SOME INTERESTING REPORTS FROM IRAQ, via Maj. Sean Bannion and John Burns. Both, in different ways, raise the specter of the United States leaving Iraq too soon.

I’d be very upset, to put it mildly, if we cut and run. However, I don’t think that’s what’s going on. Rumsfeld says the troops aren’t coming out — this is just about Iraqi self-determination. That’s a key distinction. (We’re still in Germany, and they’re self-governing, after all.) And it was just announced that the Civil Affairs battalion here — which spent quite a while in Afghanistan and Bosnia — is going to Iraq in February. Doesn’t sound like a cut-and-run to me. The extent to which Iraqis are ready to actually run their country is another question. But, you know, Russia was a mess (and remains one) after the fall of the Soviet Union, for many of the same reasons. But it’s still better the way it is, for them and for us. So it doesn’t have to be perfect. Just good enough. The problems that Bannion describes remind me of Nigeria, which isn’t a great place, but it’s better than a lot of countries in Africa. Likewise, Iraq isn’t a great place, but it’s better already than a lot of countries in the mideast, and it’s on the path to improvement. Given the enormous damage to the physical — and especially the social — capital of the country done by decades of dictatorship, that’s good enough.

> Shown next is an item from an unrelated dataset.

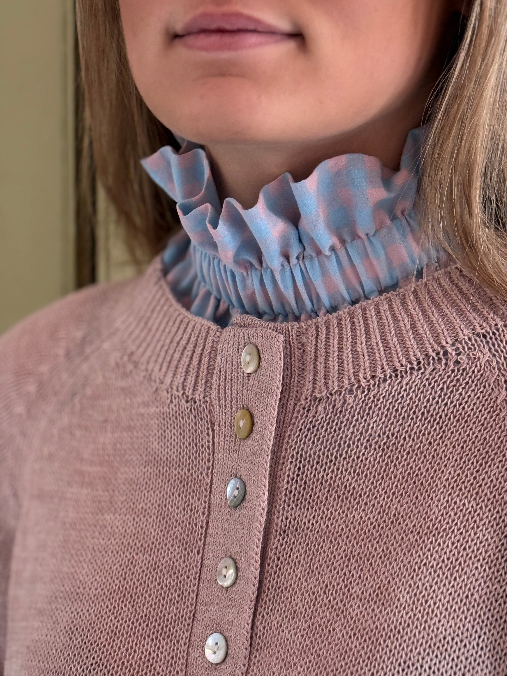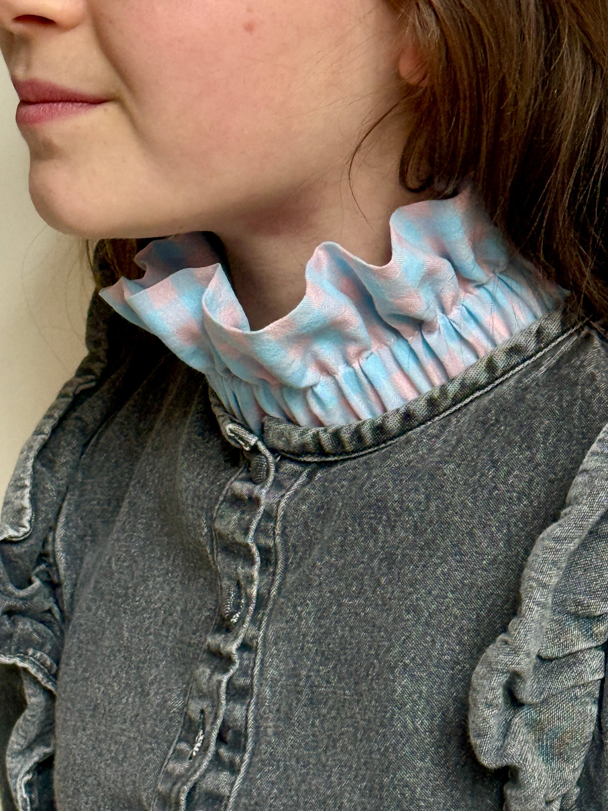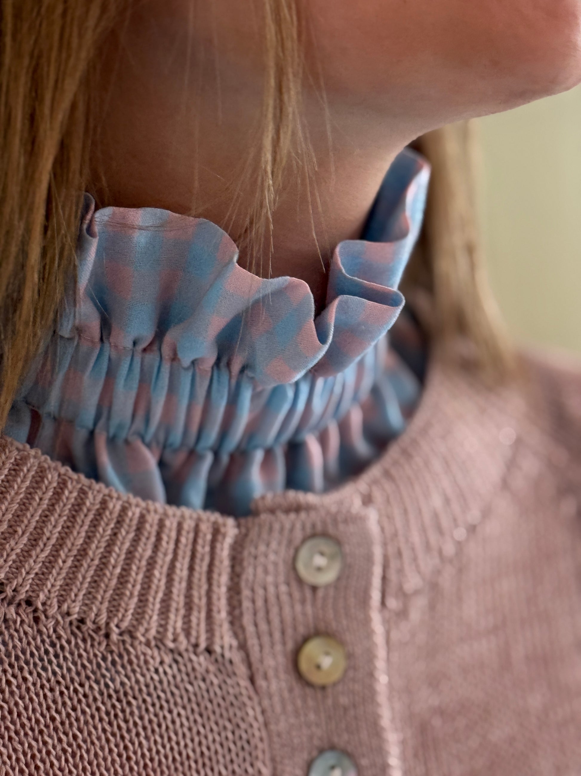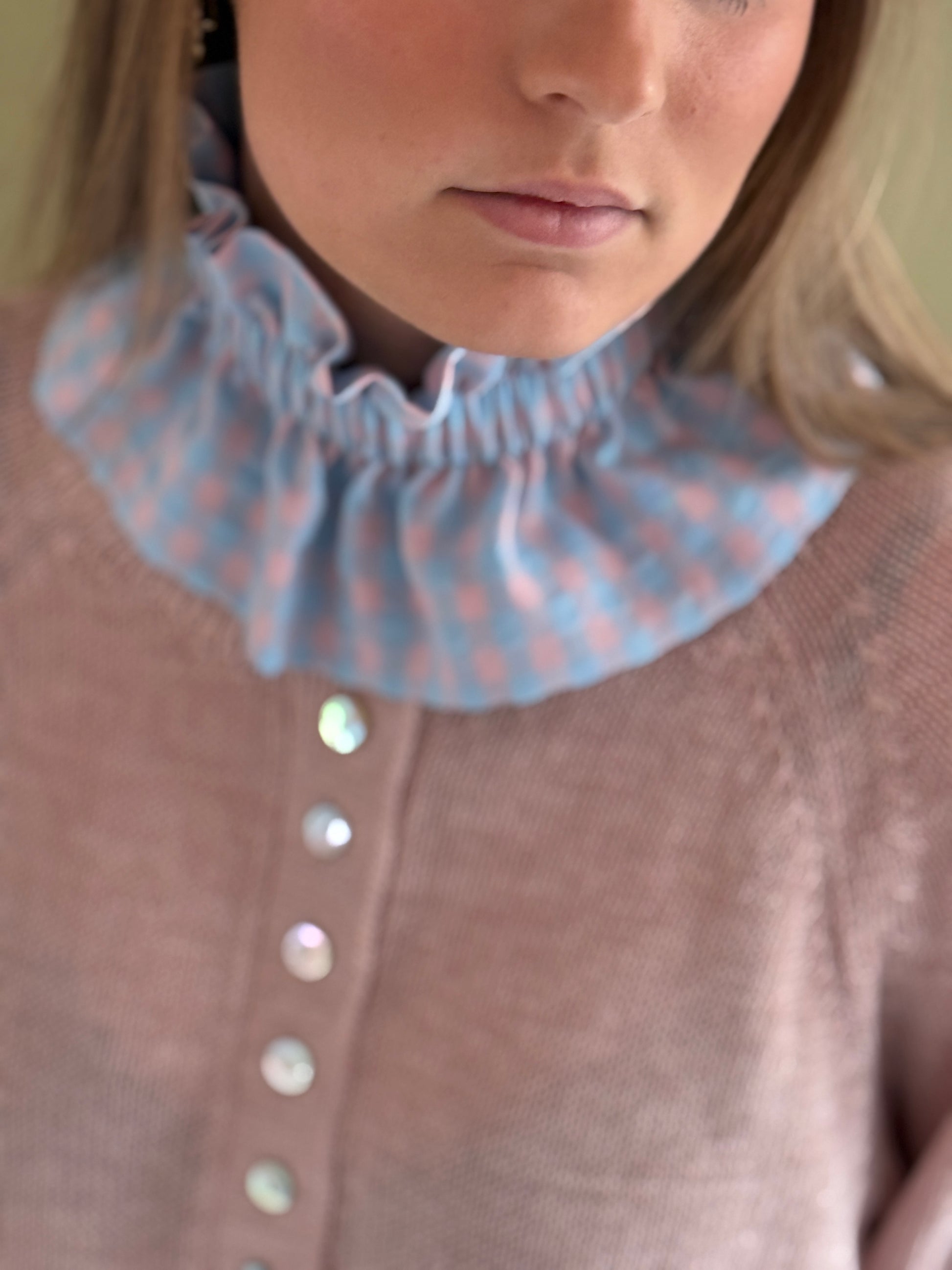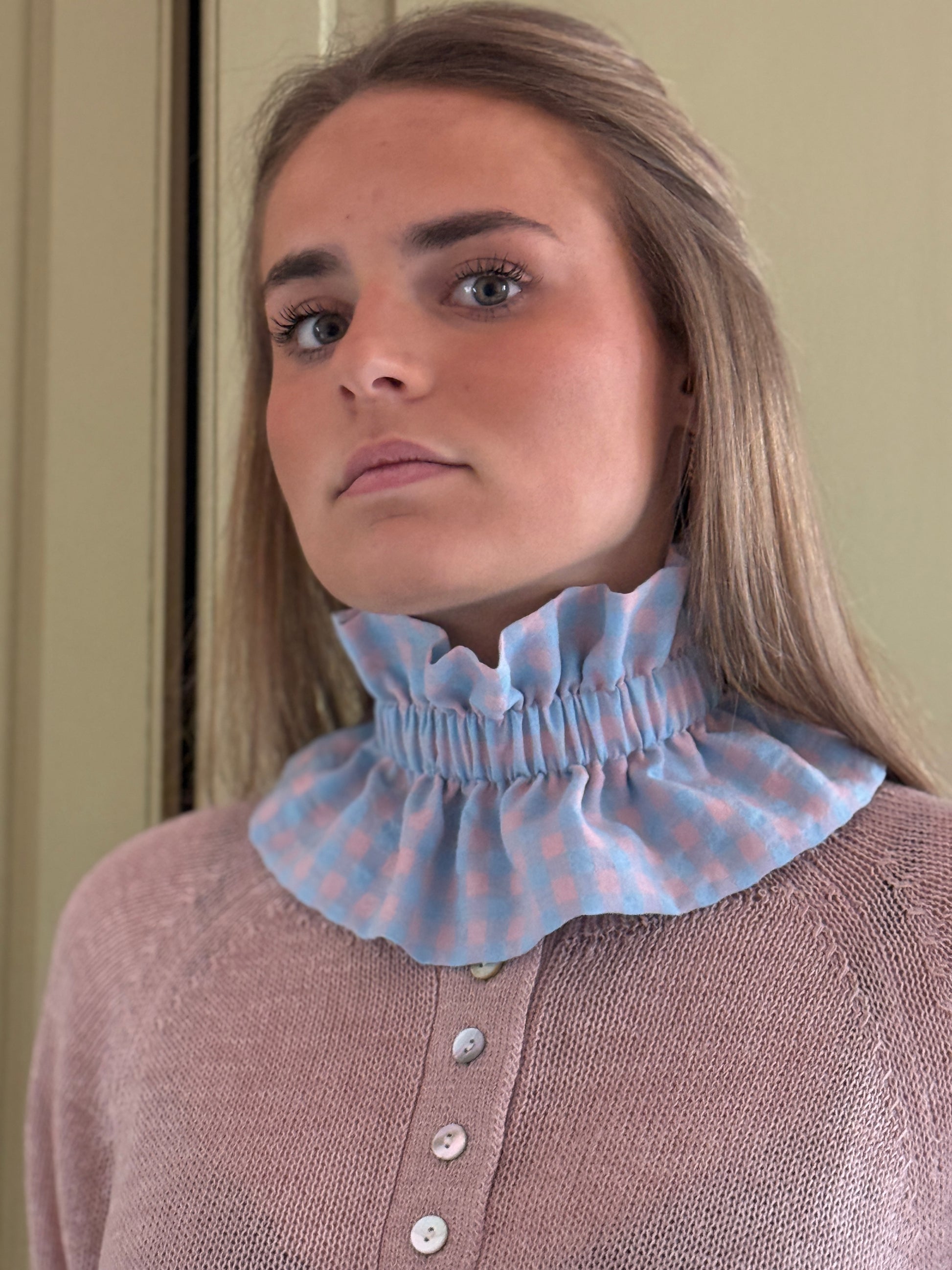 Accueillez les beaux jours avec la nouvelle collection Sorbet. Avec son alliance irrésistible de bleu glacier — la couleur phare de cette saison — et d’un rose tout doux, ce col en vichy apporte une bouffée d'air frais et de poésie à votre garde-robe.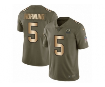 Men Nike Green Bay Packers #5 Paul Hornung Limited Olive Gold 2017 Salute to Service NFL Jersey

Looking at the domestic scene, and at the risk of sounding too much like a real pundit, I have to wonder about the nature of this announcement. It seems to me that Bush is managing to maneuver his critics into complaining about pulling out too soon, which will have the effect of taking the war off the table as an election issue. This occurred to me when I got the following email:

I just finished watching an interview with Tom Daschle on Fox News Sunday, and when asked about the speeding up of the end of occupation in Iraq, Daschle responded “What we need is not an exit strategy, but a plan for success” and went on to say why we should not leave too early.

Hmm. Makes you wonder, doesn’t it? [LATER: Here’s a link to the transcript, which does indeed bear this out. Daschle is calling for more troops and more resources, though he also wants the French and Germans in.]

For some deeper perspective on cultural issues — echoing some of the things that Bannion says — I highly recommend this interview with P.J. O’Rourke in The Atlantic. And regarding the bigger picture, ponder on the question I asked earlier: Is it 1946? Or 1943?

UPDATE: Here’s the text of the transitional agreement. And this doesn’t sound like a cut-and-run.

ANOTHER UPDATE: BSC says it’s 1862 — and, in another post, notes that we’ve been in Kosovo for quite a few years now.